1. No load balancers for Shoot clusters.

   We have not yet developed a cloud-controller-manager which could reconcile load balancer Services in the shoot cluster.

2. Machines/nodes are recreated during control plane migration.

   Since the machine provider creates Pods for the shoot worker nodes in the shoot's control plane namespace, they get deleted and recreated on the other seed cluster during control plane migration.

ManagedSeeds

It is possible to deploy ManagedSeeds with provider-local by first creating a Shoot in the garden namespace and then creating a referencing ManagedSeed object.

Please note that this is only supported by the Skaffold-based setup.

The corresponding e2e test can be run via:

./hack/test-e2e-local.sh --label-filter "ManagedSeed"

Implementation Details

The Gardener images built locally by Skaffold are pushed to/pulled from a container registry in the kind network managed by docker-compose (registry.local.gardener.cloud:5001). The registry is accessible from the host on 127.0.0.1:5001 and [::1]:5001. provider-local configures this registry as mirror for the shoot by mutating the OperatingSystemConfig and using the default contract for extending the containerd configuration.

In order to bootstrap a seed cluster, the gardenlet deploys PersistentVolumeClaims and Services of type LoadBalancer. While storage is supported in shoot clusters by using the local-path-provisioner, load balancers are not supported yet. However, provider-local runs a Service controller which specifically reconciles the seed-related Services of type LoadBalancer. This way, they get an IP and gardenlet can finish its bootstrapping process. Note that these IPs are not reachable, however for the sake of developing ManagedSeeds this is sufficient for now.
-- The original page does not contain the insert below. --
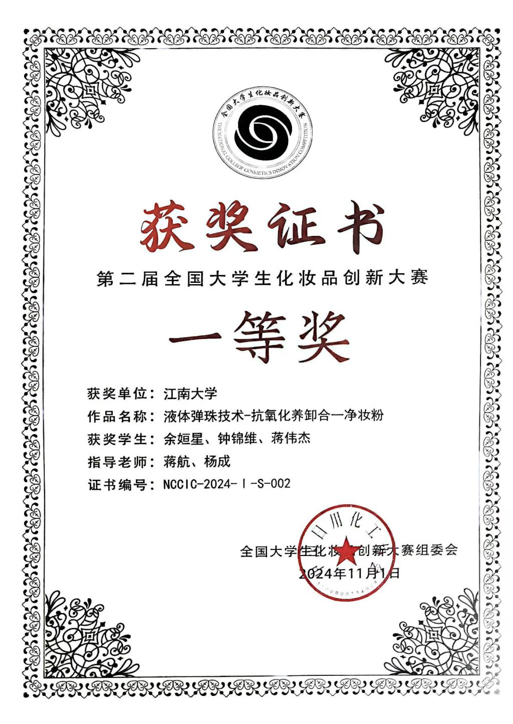 未来,江南大学betway中国西汉姆联官网将继续秉持“创新驱动,科技引领”的理念,以赛促学、以赛促教,推动产学研深度融合,努力将前沿科研成果转化为实际产品,培养更多高水平复合型人才。让我们共同期待江南学子在美妆创新领域绽放更加璀璨的光彩,创造新的辉煌!

Also, please note that the provider-local extension only gets deployed because of the Always deployment policy in its corresponding ControllerRegistration and because the DNS provider type of the seed is set to local.

Implementation Details

This section contains information about how the respective controllers and webhooks in provider-local are implemented and what their purpose is.

Bootstrapping

The local setup includes a BIND9 DNS server running as a Docker container in the kind network (accessible from the host on 172.18.255.53:53 and [fd00:ff::53]:53). This DNS server is authoritative for the local.gardener.cloud zone and accepts RFC 2136 dynamic DNS updates. It is responsible for hosting all DNS records of the local setup and enabling clients on the host and components running in the seed/kind and shoot clusters to resolve them.

The kind cluster nodes are configured to use the local DNS server as their DNS resolver (via a custom /etc/resolv.conf), so all nodes and pods of the cluster can resolve names in the local.gardener.cloud zone. Machine pods created by provider-local are configured to use the same DNS server as the kind nodes (dnsPolicy=Default), i.e., talk directly to the BIND9 server without going through the kind cluster's coredns.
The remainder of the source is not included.